Task data:
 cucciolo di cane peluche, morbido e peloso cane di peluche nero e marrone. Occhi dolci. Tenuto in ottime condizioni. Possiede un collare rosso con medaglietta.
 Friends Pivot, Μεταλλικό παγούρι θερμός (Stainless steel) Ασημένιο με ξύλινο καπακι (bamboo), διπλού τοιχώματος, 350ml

--

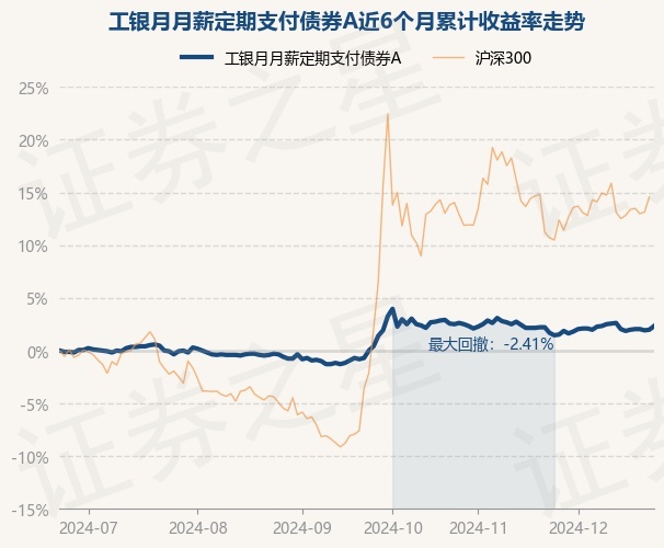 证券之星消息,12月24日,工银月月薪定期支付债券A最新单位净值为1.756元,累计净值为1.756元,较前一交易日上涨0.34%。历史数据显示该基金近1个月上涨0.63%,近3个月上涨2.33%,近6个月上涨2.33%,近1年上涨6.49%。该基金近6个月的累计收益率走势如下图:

==

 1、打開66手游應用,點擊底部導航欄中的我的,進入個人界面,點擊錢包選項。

Task requirements: Above this instruction are the records; retype exactly the lines from the one containing "cucciolo di cane" up to and including the one containing "Friends Pivot, Μεταλλικό".

Solved exercise:
 cucciolo di cane peluche, morbido e peloso cane di peluche nero e marrone. Occhi dolci. Tenuto in ottime condizioni. Possiede un collare rosso con medaglietta.
 Friends Pivot, Μεταλλικό παγούρι θερμός (Stainless steel) Ασημένιο με ξύλινο καπακι (bamboo), διπλού τοιχώματος, 350ml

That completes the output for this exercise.